Collection entries
=-=-=-=-=

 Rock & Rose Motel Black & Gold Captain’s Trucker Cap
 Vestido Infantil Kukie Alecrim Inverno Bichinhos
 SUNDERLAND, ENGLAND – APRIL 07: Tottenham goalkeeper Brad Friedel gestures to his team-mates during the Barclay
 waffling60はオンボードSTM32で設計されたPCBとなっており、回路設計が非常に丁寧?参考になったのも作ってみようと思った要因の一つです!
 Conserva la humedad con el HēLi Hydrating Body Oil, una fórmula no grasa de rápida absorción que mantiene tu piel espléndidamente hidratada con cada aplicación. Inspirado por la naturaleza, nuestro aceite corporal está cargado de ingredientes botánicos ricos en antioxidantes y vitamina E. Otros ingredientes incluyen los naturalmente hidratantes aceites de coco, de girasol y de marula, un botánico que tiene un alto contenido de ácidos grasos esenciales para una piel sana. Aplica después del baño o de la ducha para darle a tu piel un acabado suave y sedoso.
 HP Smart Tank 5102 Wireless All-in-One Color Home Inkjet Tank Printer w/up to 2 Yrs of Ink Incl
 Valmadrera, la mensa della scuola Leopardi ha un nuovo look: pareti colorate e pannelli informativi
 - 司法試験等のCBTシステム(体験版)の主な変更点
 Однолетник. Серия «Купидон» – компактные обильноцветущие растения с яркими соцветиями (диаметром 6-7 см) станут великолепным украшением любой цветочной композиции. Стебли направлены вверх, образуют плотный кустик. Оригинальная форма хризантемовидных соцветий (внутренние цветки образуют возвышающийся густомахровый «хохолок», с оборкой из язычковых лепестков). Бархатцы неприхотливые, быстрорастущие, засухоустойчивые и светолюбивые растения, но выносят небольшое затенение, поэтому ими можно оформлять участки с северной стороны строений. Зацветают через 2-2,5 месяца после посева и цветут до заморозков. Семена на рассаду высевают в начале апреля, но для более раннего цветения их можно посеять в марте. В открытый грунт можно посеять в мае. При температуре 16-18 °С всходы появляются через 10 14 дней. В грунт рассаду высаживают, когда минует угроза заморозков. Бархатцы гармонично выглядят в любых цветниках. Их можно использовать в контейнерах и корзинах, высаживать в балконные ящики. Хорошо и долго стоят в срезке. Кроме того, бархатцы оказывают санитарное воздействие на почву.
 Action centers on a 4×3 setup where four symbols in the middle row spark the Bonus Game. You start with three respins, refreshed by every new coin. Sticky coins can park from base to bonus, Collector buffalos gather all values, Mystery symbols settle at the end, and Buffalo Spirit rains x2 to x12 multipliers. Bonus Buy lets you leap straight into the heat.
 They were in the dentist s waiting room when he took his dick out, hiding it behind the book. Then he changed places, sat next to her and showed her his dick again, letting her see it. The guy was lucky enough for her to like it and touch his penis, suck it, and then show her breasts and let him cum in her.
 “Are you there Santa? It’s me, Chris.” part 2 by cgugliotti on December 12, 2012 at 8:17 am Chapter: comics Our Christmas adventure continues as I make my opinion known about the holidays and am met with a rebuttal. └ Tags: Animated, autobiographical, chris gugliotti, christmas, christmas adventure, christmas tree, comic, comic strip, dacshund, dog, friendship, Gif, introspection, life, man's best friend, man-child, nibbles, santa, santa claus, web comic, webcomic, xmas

=-=-=-=-=

Scan the entries for lines holding the string "with", then copy every one of them.

- Problem solution
 Action centers on a 4×3 setup where four symbols in the middle row spark the Bonus Game. You start with three respins, refreshed by every new coin. Sticky coins can park from base to bonus, Collector buffalos gather all values, Mystery symbols settle at the end, and Buffalo Spirit rains x2 to x12 multipliers. Bonus Buy lets you leap straight into the heat.
 “Are you there Santa? It’s me, Chris.” part 2 by cgugliotti on December 12, 2012 at 8:17 am Chapter: comics Our Christmas adventure continues as I make my opinion known about the holidays and am met with a rebuttal. └ Tags: Animated, autobiographical, chris gugliotti, christmas, christmas adventure, christmas tree, comic, comic strip, dacshund, dog, friendship, Gif, introspection, life, man's best friend, man-child, nibbles, santa, santa claus, web comic, webcomic, xmas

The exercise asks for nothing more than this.